Thanks for the reply. I will be ordering it this week. Watching the video it looks like great way to go.


----------



## Dr.Zook (Sep 10, 2004)

Welcome to the RouterForums Bob. Glad to have you as a part of our community. Thanks for joining.


----------



## Micah (Oct 11, 2010)

*Incra LS require a large router table?*



Abie said:


> I have the Ulta from Incra bot on amazon for $130.00 it is useful but the learning curve is steep at least for me.
> I've seen the Jointech at a friends and it appears more substantial.
> Both allow for really fancy dovetails, box joints etc.
> for large projects ie drawers and blanket chests the others might be a better choice.

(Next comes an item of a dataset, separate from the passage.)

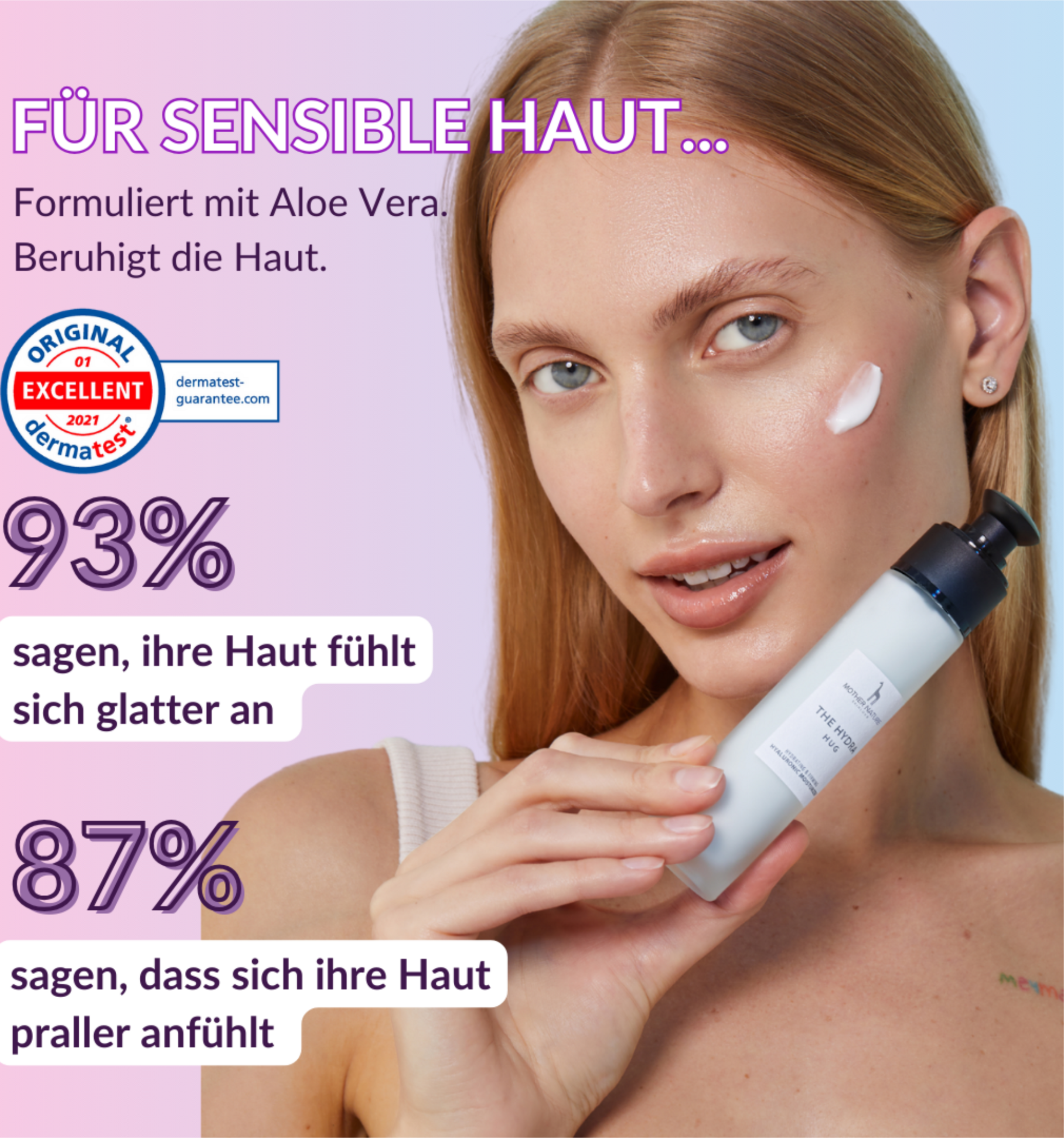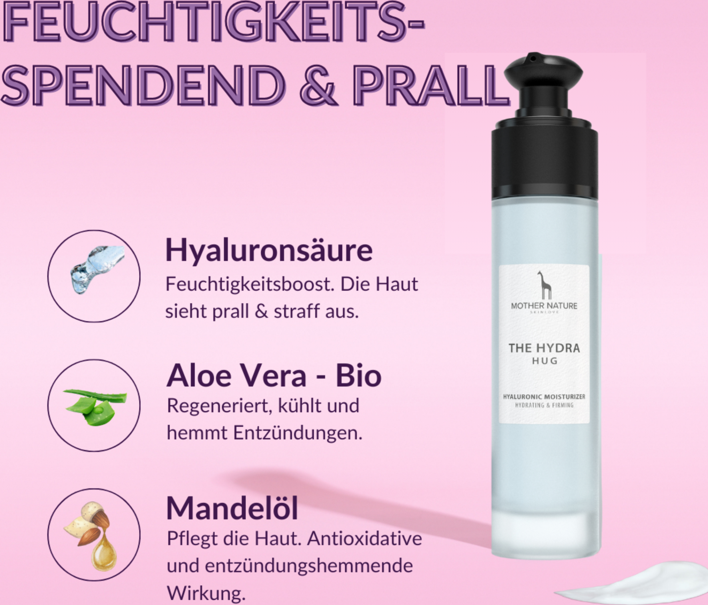 Eine blaubeerengroße Menge des Mother Nature Hyaluronsäure Moisturizers, am besten am Morgen, auf die gereinigte Haut auftragen und sanft einmassieren.

Can I use the Incra LS on my 24v32 rockler table?


----------



## bobj3 (Jan 17, 2006)

Hi Micah

You may want to take hard look at the

Incra Universal Precision Positioning Jig, it will do every thing it's big gold plated brother can do but without the high cost and size..Rockler puts them on sale for about 50.oo bucks all the time..if you get one be sure to the great DVD How-To for it..

Incra Universal Precision Positioning Jig - Rockler Woodworking Tools

Incra Universal Precision Positioning Jig Video Demonstraton

========


Micah said:


> Can I use the Incra LS on my 24v32 rockler table?



======


----------